A team of scientists compared blood samples and brain scans from 300 participants with Alzheimer's disease (AD), mild cognitive impairment or normal cognition. They found that increased levels of clusterin, measured a decade earlier and correlated to the brain scans, were linked to amyloid plaques in the brain. Proteomic and genomic studies supported the conclusions.

The scientists discovered that APP/PS1 transgenic mice showed increased plasma clusterin, age-dependent increase in brain clusterin, as well as amyloid and clusterin colocalization in plaques. Under the microscope, they observed clusterin to be surrounding the amyloid plaques in the mice's brain, indicating that clusterin might work to help protect the brain from amyloid protein. Clusterin/apolipoprotein J was associated with atrophy of the entorhinal cortex, baseline disease severity, and rapid clinical progression in AD. Increased plasma concentration of clusterin was predictive of greater fibrillar amyloid-beta burden in the medial temporal lobe. Subjects with AD had increased clusterin messenger ribonucleic acid (mRNA) in their blood, but there was no effect of single-nucleotide polymorphisms in the gene encoding clusterin with gene or protein expression.
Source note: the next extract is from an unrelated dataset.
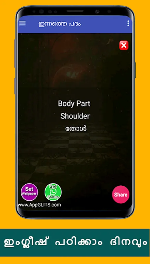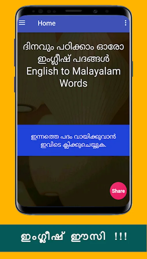 Namaskaram!Ella malayalikalkkum Namaskaram. Ee Android applicationil english anayasam samsarikkan ulla chila vakkukalum avayude malayalam arthavum aanu ulppeduthiyirikkunnath. Ee applicatione nigalude friends,relatives ellavarkkum Whatsapp,Facebook,Email,twitter thudagiya social media vazhi share cheyyuka.
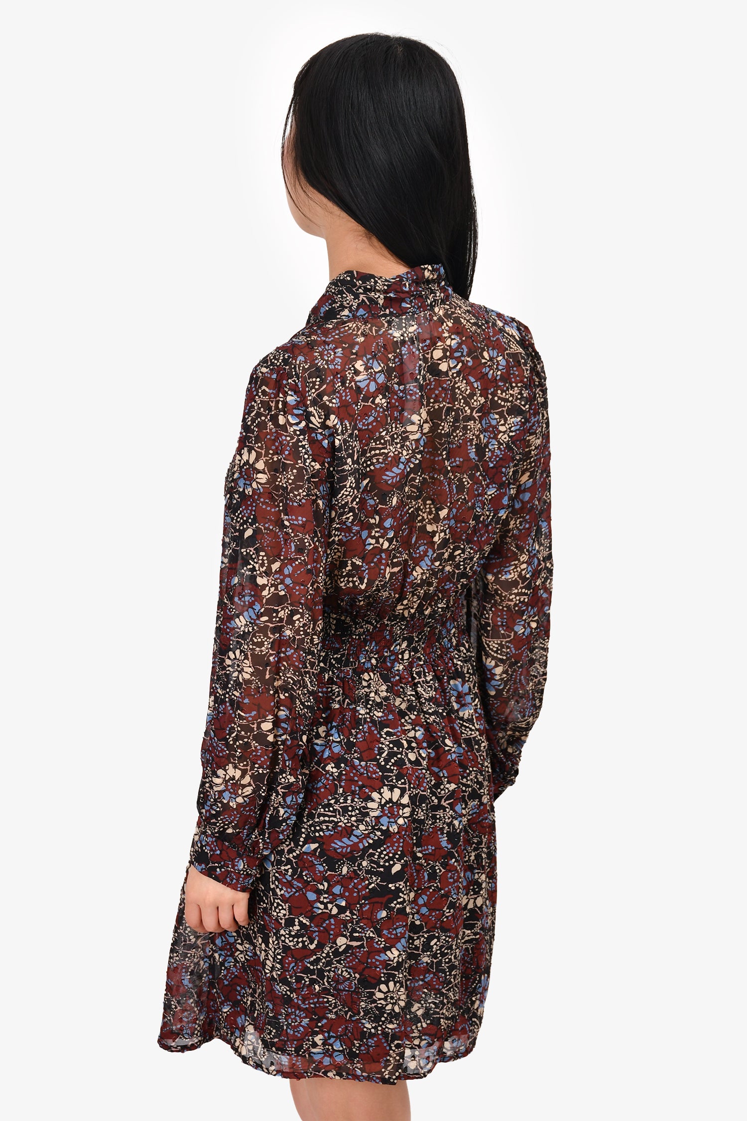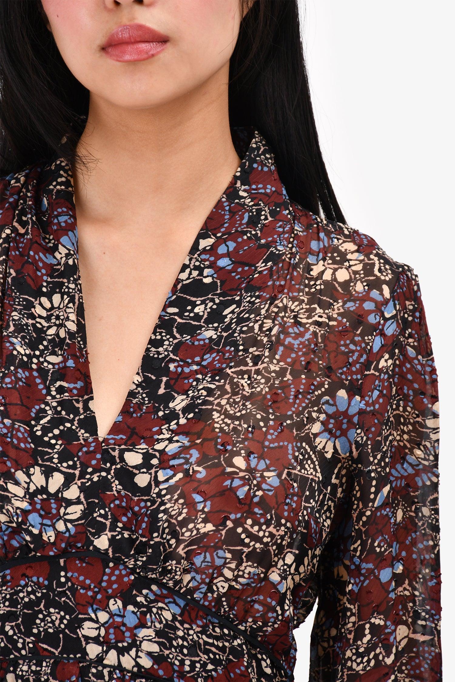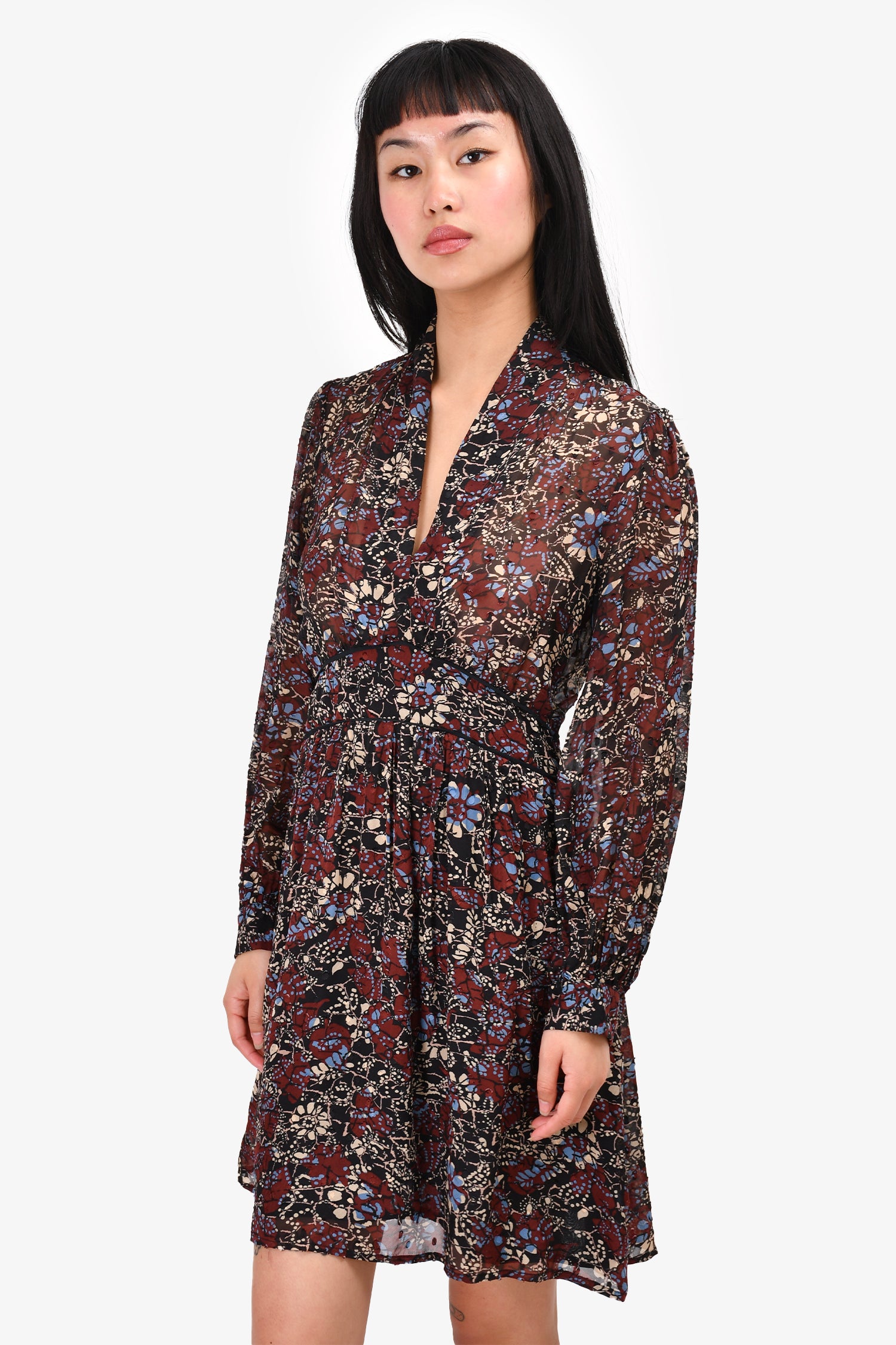 Refresh availabilityBa&sh Black/Maroon Floral Mini Dress. V-neck. Pull-on. Button closure on the cuffs. Half-lined.

These results demonstrate an important role of clusterin in the pathogenesis of AD and suggest that alterations in amyloid chaperone proteins may be a biologically relevant peripheral signature of AD.

The study conducted at King's College London (London, UK) was published in the July 2010 in the Archives of General Psychiatry. Madhav Thambisetty, M.D. Ph.D., the lead author said, "A primary goal in Alzheimer's research is to develop an inexpensive, easily administered test to accurately detect and track the progression of this devastating disease. Identifying clusterin as a blood biomarker that may be relevant to both the pathology and symptoms of the disease may bring us closer to this goal." These findings could lead to the development of a blood test to identify who would benefit from early treatment of AD and whether treatments were working to delay or prevent brain damage.